Четвертым принципом, который необходимо внедрить для обеспечения свободного и мирного развития мира после пережитых нами тяжелых времен, является свободное экономическое участие каждого и безусловное предотвращение экономической войны; война такого рода должна быть исключена из всех будущих перспектив. Прежде чем заключить мир, мы должны получить твердую уверенность в том, что наши нынешние враги отказались от этой идеи.

Таковы, мои уважаемые друзья, принципы новой мировой организации, какой она представляется мне, и все они основаны на всеобщем разоружении. Германия в своем ответе на папскую ноту также определенно признала идею всеобщего разоружения. Наши нынешние враги также, по крайней мере отчасти, приняли эти принципы. Я расхожусь с Ллойд Джорджем в большинстве пунктов, но полностью согласен в одном — что войны за реванш больше никогда не должно быть.

Впечатление, произведенное моей речью на Антанту, превзошло самые пессимистичные ожидания. Чтобы не подходить слишком близко к теме собственного разоружения, мои предложения назвали лицемерными и мирной ловушкой. Это не нуждается в комментариях.

Если бы Антанта ответила, что я должен заручиться поддержкой и получить от Германии гарантию того, что она разоружится, для меня это была бы возможность с помощью народов оказать величайшее из возможных давлений на лидеров Германии. Но оружие было выбито у меня из рук самой Антантой, ибо из Берлина последовал ответ: вот доказательство того, что Антанта отвергает наше предложение о разоружении, как и все, что исходит от нас. Есть только один выход — борьба до конца, а затем победа.
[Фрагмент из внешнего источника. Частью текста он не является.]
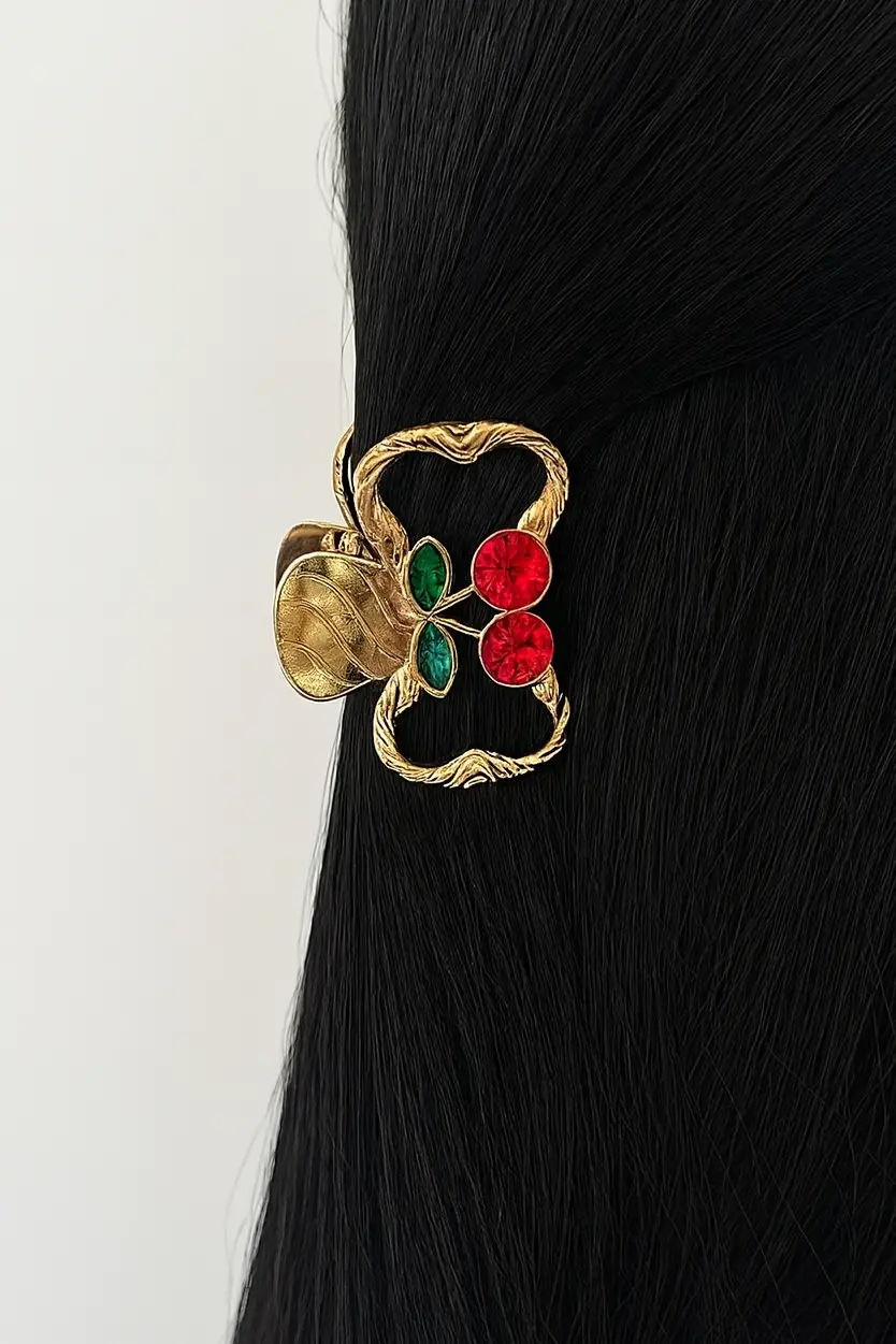 Altın Renk Kiraz Figürlü Metal Mini Mandal Toka

Антанта снова вынудила народы Центральных держав безоговорочно встать на сторону генералов.

Никогда за весь срок моего пребывания в должности я не получал столько писем, как после моей речи — как за, так и против, причем обе стороны были одинаково импульсивны. «Смертные приговоры» из Германии сыпались на меня град; презрение и насмешки чередовались с искренним сочувствием и соглашением.

Осенью 1917 года мирное движение заметно пошло на убыль. Фиаско подводных лодок было слишком очевидным. Англия увидела, что способна преодолеть опасность. Германские военачальники по-прежнему говорили о тех успехах своих подводных лодок, на которые они твердо рассчитывали, но тон их предсказаний стал совсем иным. Больше не было никаких разговоров о падении Англии через несколько месяцев. Новая зимняя кампания была практически неизбежна, и все же немцы настаивали на том, что, хотя в названных сроках и были ошибки, это не относится к окончательному эффекту подводных лодок и что Англия рухнет. Подводная война добилась того успеха, что Западный фронт остался целым, хотя в противном случае он бы пал.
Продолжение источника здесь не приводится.